The wax gathers in the hollow of your collarbones like it had in your palm, but the skin is so thin here, thin enough to break under the right edge of a tooth. The sun twists and dances, turning this way and that, burning every angle of the candle down onto you and working ash into your blood. The heat carries in the veins in your neck and up into your head, making you flushed and dizzy with it. You want to turn your face; you want to put it in your mouth; you want to swallow the sun whole and warm yourself inside out, until the light shines out through the six cracks that make up who you are.
When it finally dries, he sets the candle aside and reaches up with both hands and presses his palms to each spot, grinding them into your skin like he’s trying to push your blood back into you. His thumbs dig into your chest; his fingertips press into your wounds. He touches each one with heavy reverence, your neck down to your thighs. Over your own heavy breath, you hear soft cracks and snaps as he breaks the seals of your body again, revealing you fresh and new and whole.
After the last one breaks, his knuckles ghost against your cock, still hard and wet and hungry. He twists his wrist to cup you in his hand and he grinds up with the heel of his palm and groans softly as you spasm against him and paint him slick. He says, “Fuck, Izzy, let me,” and you say, “yes,” immediately, “yes,” so he pushes you down, onto your back, onto the ground with him over you. He kisses you seven times, once on your mouth and once over every broken layer of wax that he’s protected you with. He kisses your thigh last and breathes the scent of you in deep, and then tilts his head and presses his mouth to you. He laves his tongue over the tip of your cock, making you spasm beneath him, and then sucks the whole thing into his mouth all at once like he’s trying to swallow you whole. You arch and cry out to the ceiling to the tune of more wax cracking and snapping across your body as your armor starts to break down again. Both your hands come to tangle in his hair. You pull, heedless of the wax that tangles in the strands, and he groans so that you can feel it, laps around the base of your cock as best he can with his mouth forced so wide.
He pulls back just enough to growl into your skin, “Fuck me,” so you do. You wrench his head down and make him swallow all of you. You buck and thrust against his face and he sucks at you hard.

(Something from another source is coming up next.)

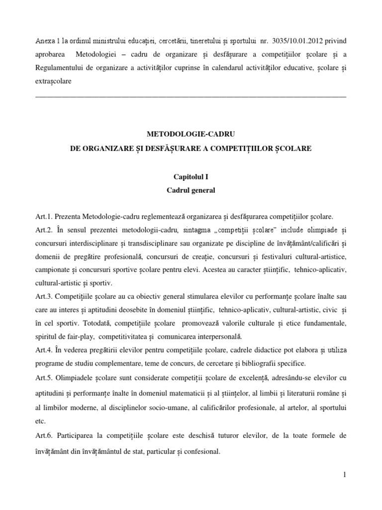 Art.1. Prezenta Metodologie-cadru reglementeaz organizarea i desfurarea competiiilor colare.
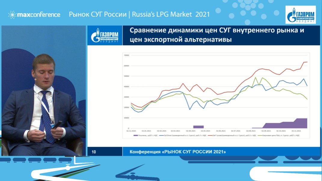 «В начале октября от ФАС было письмо для участников рынка с рекомендаций максимального уменьшения объемов экспорта, и направления газа на внутренний рынок. При этом, по котировкам видно, что экспортные цены значительно выше» – отмечает участник конференции.

It’s wet, sloppy, no finesse at all – he can suck cock proper, you’ve seen him do it, all slow licks and eye contact, but he has you now like he’s devouring you, even though you’re the one dragging him down. You brace your feet on the floor and fuck his mouth as the wax crumbles with the thrashing of your body.
The buildup of the night, and the day before it, has you already stretched thin and on edge. You become unsteady, uncoordinated; you become your need, nothing more than the low ah ah ah being driven out of your chest. You ride his tongue like forty knot winds, violent and frantic and lost to the forces of nature. “Edward,” you gasp, “fuck,” and his hands wind around your hips and hold you tight to him until the tension snaps and you snap with it, arching your back and flooding his mouth in three strong pulses. Just barely over the thundering of your heartbeat in your ears and the keening from your lips, you hear him swallow and you hear him moan and you hear him hush you as he guides you back down to earth.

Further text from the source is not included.